Nicky abandonó el abrazo de Jessica y se aproximó a Partridge, a quien dijo en tono resuelto:
– Ha hecho bien en matar a Vicente, señor Partridge. A veces nos ayudaba, pero era uno de ellos. Han matado a mi abuelo y me han cortado dos dedos y ahora ya no podré volver a tocar el piano… -dijo enseñándole la mano vendada.
– Llámame Harry -le contestó éste-. Sí, ya sabía lo de tu abuelo y lo de tus dedos. Lo siento mucho.
– ¿Sabes lo que es el síndrome de Estocolmo, Harry? -inquirió el niño con la misma severidad en la voz-. Mi madre sí. Y si quieres te lo explicará.
Sin contestar, Partridge miró atentamente a Nicky. Ya se había encontrado con algunos casos de shock -en individuos expuestos a un peligro o un desastre mayor de lo que su mente podía tolerar- y el tono de voz del niño y sus palabras de los últimos minutos tenían síntomas de shock. No tardaría en necesitar ayuda. Pero mientras, haciendo lo único que se le ocurrió, Partridge le pasó un brazo por los hombros. Sintió la respuesta del niño, que se apretó contra él.
Partridge vio que Jessica le miraba con la misma preocupación. Ella también habría deseado que el guardián no fuera Vicente. Si hubiese sido Ramón, no se habría disgustado lo más mínimo. De todos modos, las palabras y el comportamiento del niño la devolvieron a la realidad.
Partridge sacudió la cabeza, intentando infundir confianza a Jessica, y luego ordenó:
– Vámonos.
En la mano libre llevaba el Kalashnikov; era un arma muy buena y podía serles de utilidad. También se metió en el bolsillo dos cargadores que llevaba Vicente.
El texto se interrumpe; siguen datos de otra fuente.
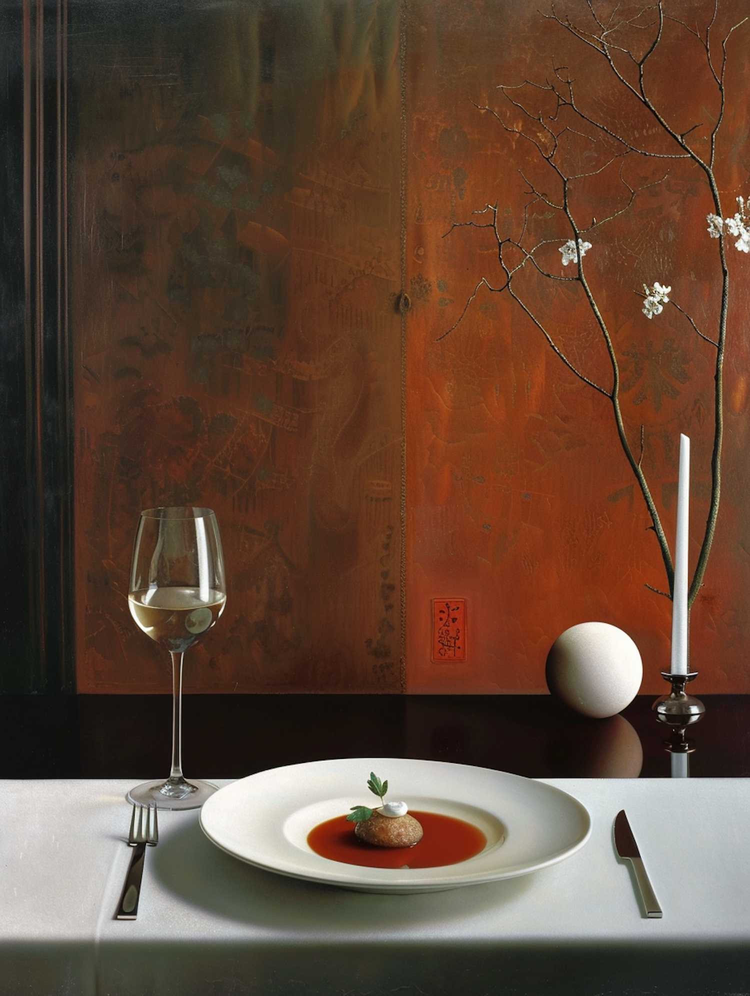 Elegant dining setup with a gourmet dish, wine glass, and floral decor against a rich brown background.

Minh se les adelantó hasta la puerta. Recuperó su cámara que estaba fuera y filmó su salida de la choza con las celdas al fondo. Partridge advirtió que Minh usaba un objetivo especial -los infrarrojos no servían para el vídeo- para conseguir unas imágenes aceptables, aun de noche.
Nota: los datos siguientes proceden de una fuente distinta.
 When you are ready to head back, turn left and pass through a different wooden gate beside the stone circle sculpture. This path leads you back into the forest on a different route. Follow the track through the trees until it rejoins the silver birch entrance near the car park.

Desde la víspera, Minh había ido filmando cosas sueltas, aunque de forma selectiva, racionando la cinta, porque llevaba un número restringido de ellas.
En ese momento apareció Fernández, que estaba vigilando las otras construcciones.
– Viene… -les advirtió sin aliento- ¡una mujer! Sola. Creo que va armada.
En ese momento oyeron unos pasos que se acercaban.
No les dio tiempo a prepararse. Se quedaron todos petrificados donde estaban. Jessica estaba junto a la puerta y se apartó hacia un lado. Minh se hallaba justo ante el hueco y los otros un poco más separados, en la penumbra. Partridge alzó el Kalashnikov. Aunque sabía que si disparaba despertaría a toda la aldea, para sacar la Browning con el silenciador tenía que dejar el rifle y cambiárselo de mano. Y no tenía tiempo.
Socorro entró con decisión. Iba en bata y empuñaba un revólver Smith & Wesson, con el martillo montado. Jessica ya había visto a Socorro con un arma, pero enfundada, nunca en la mano.